That’s why it’s so important that you [re]claim your supporting cast members back, because of rather than despite their qualities and characteristics. For it’s only when your character defects are consciously [re]claimed that you can control the influence they exert on your life, stop investing energy in
hiding them from your Self and the people in your life, and
transform them into the highest parts of who you are.

For those of you who are seeking to spiritually heal your character defects rather than expunge or deny their existence, you’ll need to develop some specific skills in order to spiritually transform your relationship with your character defects.

First, you’ll need to create the appropriate environment in which to bump into your character defects.  To do so you’ll need to learn how to create an internal and external sanctuary.

Second, you’ll need to [re]establish a connection with a part of your Self that I refer to as your Witness. The Witness is the part of your Self that non-critically, non-judgmentally observes you and your interactions with the moment-by-moment experiences of your life.

Third, after creating the appropriate environments in which your work can safely unfold, after [re]connecting with your Witness, you’ll next need to become skilled at connecting to the present moment.  

Fourth, along with being connected to the present moment, you’ll need to be able to critically self-examine who and what your connection to the present moment awakens within you.

Fifth, the most paradoxical, most powerfully healing aspect of our work together will be mastering how to reveal to yourself and others what your deepening and expanded understanding of who and what the present moment awakens within you.

Let’s take some time to discuss in a little more detail each of these five skills. First, let’s focus on the internal and external sanctuaries. To completely and thoroughly experience and examine the depths of who you are, it’s necessary for you to create both an
internal and external sanctuary. Not one or the other, but both! One without the other is simply not sufficient.

A sanctuary is a holy place in which one seeks refuge from elements that they experience as threatening as well as a place to fellowship with other searchers in order to inspire, enrich, and uplift one’s spirit. In order to transform the relationship you have with your character defects, you must have a safe place, a place of refuge where you can bump in to and sit with those parts of yourself that you’ve discarded--emphasis on safe, emphasis on refuge, emphasis on sit with.

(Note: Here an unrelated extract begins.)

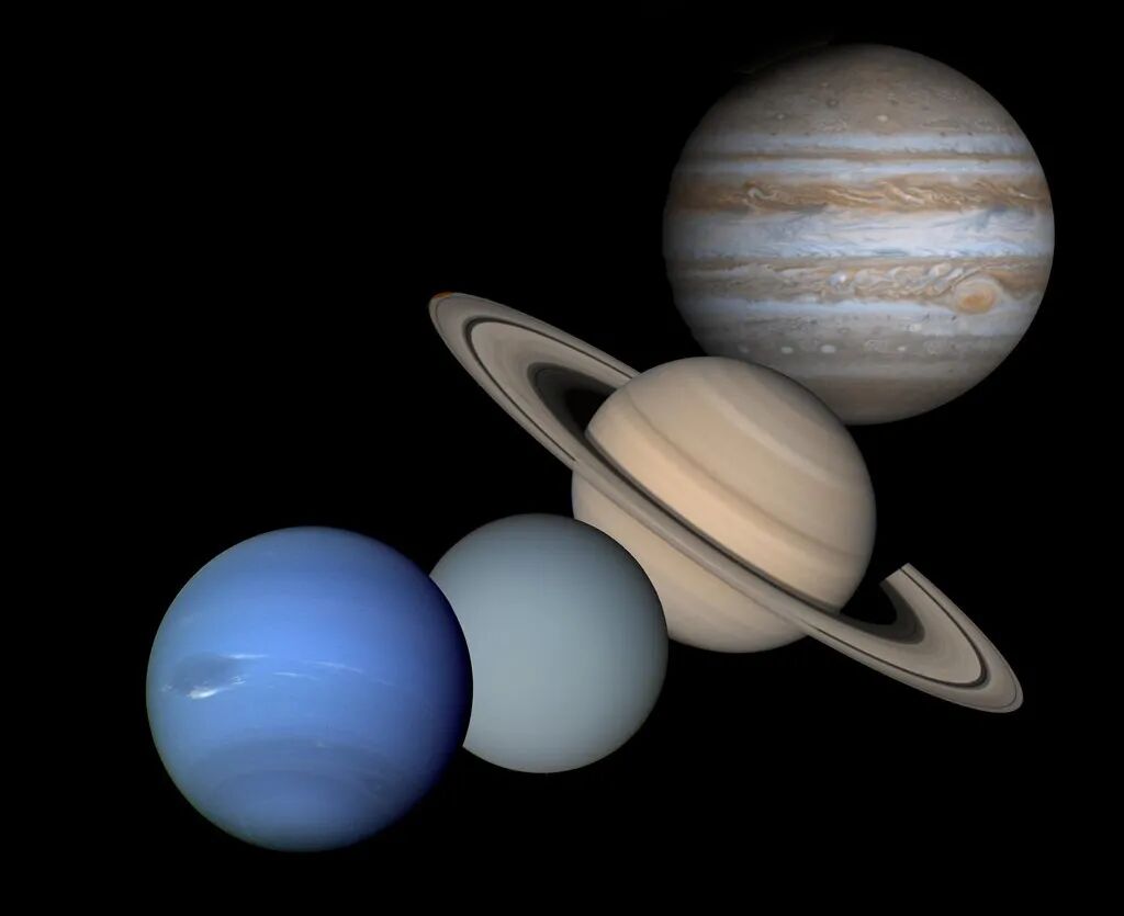 太阳系中带有环系统的行星,包括土星、木星、天王星和海王星。(图/NASA, JPL)

An internal sanctuary is a safe space of refuge that you create within yourself. This safe refuge within is a place for you to retreat to so that you may soothe, nurture, recover, heal, and [re]claim the bruised and unwanted parts of who you are. It may help you to think of your internal sanctuary as:

A safe place that shelters you from the emotional and spiritual violence that you perpetrate upon yourself.

A safe place that protects you from the emotional and spiritual violence that others perpetrate on you.

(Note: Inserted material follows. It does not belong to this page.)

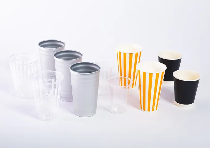 定番のクリアコップ、紙コップの他に特殊コーティング加工により温冷両用に対応可能な高機能カップなど、専門性の高い商品も取り揃えています。
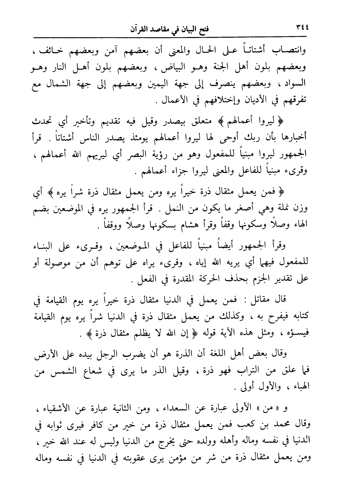 (فَمَنْ يَعْمَلْ مِثْقَالَ ذَرَّةٍ خَيْرًا يَرَهُ (7) وَمَنْ يَعْمَلْ مِثْقَالَ ذَرَّةٍ شَرًّا يَرَهُ) أي وزن نملة وهي أصغر ما يكون من النمل. قرأ الجمهور يره في الموضعين بضم الهاء وصلاً وسكونها وقفاً وقرأ هشام بسكونها وصلاً ووقفاً.

A safe place to retreat to so that you can be a Witness to rather than a judge of who you are and what you’re not.

A safe place that emboldens the disowned parts of who you are to reveal themselves to you and the rest of your supporting cast members.

A safe place that empowers you to embrace the disowned parts of who you are without judgment from yourself and retribution from others for so doing.

A safe place where you experience validation for all of who you are rather than approval for only those parts of you that others are most comfortable with.

A safe place where you can repair the aches and pains that you’ve accumulated over the course of your day-to-day life.

A safe place to release the frozen emotions that you’ve prevented yourself from experiencing and expressing.

On the other hand, an external sanctuary is a place of refuge that exists outside of yourself. More specifically, an external sanctuary is a community of people who are dedicated to not only enriching and uplifting their lives but also to empowering and supporting your efforts to do the same. You can infer from this that I believe that you can’t go this journey alone. Involvement with a community of people is an important agent of both healing and change. You simply can’t explore the places within yourself that you need to explore by being a lone wolf.

Why is active participation within a community of people such an important catalyst for transforming your relationship with your character defects? Active participation in a community of people provides for you much of what you’re unwilling to provide for yourself--acceptance of your character defects, normalization of your supporting cast members, and a refuge to experience and express your needs and emotions.

You can infer from my emphasis of active participation that it’s necessary but not sufficient to merely be a member of a community of fellow searchers. Beyond being a member of a community of searchers, you must be an active participant, for, it’s only when your search has been stimulated by your experiences and interactions with that community of searchers, that you can most fully go to the places within yourself that you need to go. Ultimately, active participation in a community of fellow searchers will enable you to fulfill your need to:

Belong to a community of people who are committed to supporting your growth as well as theirs.

Experience who you are within the context of a safe community of people rather than solely through the lens of your distorted, self-serving perceptions and interpretations of yourself, other people, and the circumstances of your life.

Connect to the emotions, behaviors, attitudes, beliefs, and disowned parts of who you are that can only be awakened by your interactions with other people.

Experiment with being less guarded, more vulnerable; less defended, more emotionally honest; less artificial, more authentic; less constricted, more expansive.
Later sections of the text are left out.